Updated on 08/04/2016 5:06PM

New York bill might bar state residents from online handicapping contests


A bill signed Thursday by New York Gov. Andrew Cuomo legalizing online daily fantasy sports contests in the state but prohibiting the same contests for horse racing is raising concerns about the future of online horse-racing activities in New York.

The bill, which will allow New York residents to enter contests on popular fantasy sites such as FanDuel and DraftKings, contains a prohibition on “DFS contests” for horse racing and collegiate sports events. While racing officials contacted Thursday said they were still uncertain about the impact of the language, several said they believed that the language would prohibit racing-related fantasy-contest operators such as Derby Wars from doing business with New York residents.

The language has also led the operators of online handicapping tournaments to seek legal advice about whether the provision would mean blocking New York residents from the contests.

Daily Racing Form Inc. is a leading host of online handicapping tournaments in the U.S. and runs the official online qualifying site for the National Handicapping Championship.

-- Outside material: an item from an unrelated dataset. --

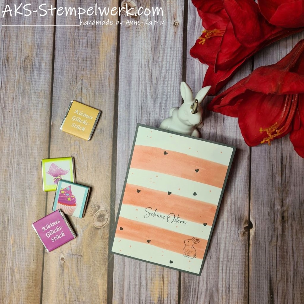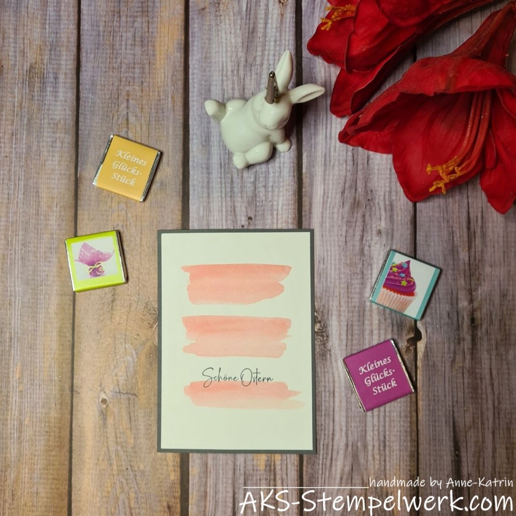 Bei dieser Version habe ich den Hintergrund mit den Wassertankpinseln erstellt und lediglich einen simplen Spruch, wieder aus dem Set „Originelle Ostereier“, aufgestempelt.

Ken Kirchner, the senior vice president for DRF Tournaments, said he could not comment on the New York bill until the company had a chance to assess the impact of the racing-related language.

In addition to DRF, many account-wagering operators and racetracks host online tournaments, though many only reach the local population.

Keith Chamblin, the chief operating officer of the NTRA, which administers the NHC, said the association does not know how the law will impact online tournaments but noted that the association requires that “all NHC qualifiers be conducted in accordance with all state and federal laws.”

“How the New York Daily Fantasy Sports Law will impact online horse-racing contests remains to be seen,” Chamblin said. “Each contest operator must make that determination for itself.”

Several racing executives in New York who spoke on the condition of anonymity because of the uncertainty created by the language said they did not believe the provision would prevent New York residents from participating in online handicapping tournaments as long as cash prizes were not given out daily, as is the case with FanDuel and DraftKings. However, they did say that Derby Wars and sites like it would likely have trouble operating in New York under the new law.

Mark Midland, the co-founder and chief executive of Derby Wars, did not return a phone call Thursday. Although a small business, Derby Wars operates the most popular Internet site for racing fantasy contests.

Late last year, The Stronach Group, a racing company that owns racetracks and an account-wagering operation, sued Derby Wars, claiming that the site did not properly compensate racetracks for using their races as a basis for payouts. The suit remains unresolved.

Joe Faraldo, the president of the Standardbred Owners of New York, said that harness-racing interests had pressed for a provision in the bill that would require racing fantasy sites to pay 3 percent of the gross revenue from any contests that used New York content to Standardbred and Thoroughbred industries in the state. Faraldo said that Midland of Derby Wars agreed to that provision just as the bill’s language was being finalized.

However, just prior to the bill being introduced, representatives of offtrack betting companies then pressed legislators to add another provision that would require racing fantasy sites to also pay 5 percent of the gross as a source-market fee to the OTB in the customer’s market area, Faraldo said. That led Midland to withdraw his support for any payments to the racing industry, and legislators then inserted the ban on racing fantasy sites, Faraldo said.

“I thought we had a deal that everyone can live with,” Faraldo said. “I tried to talk the legislators out of the market-origin fees but couldn’t do it.”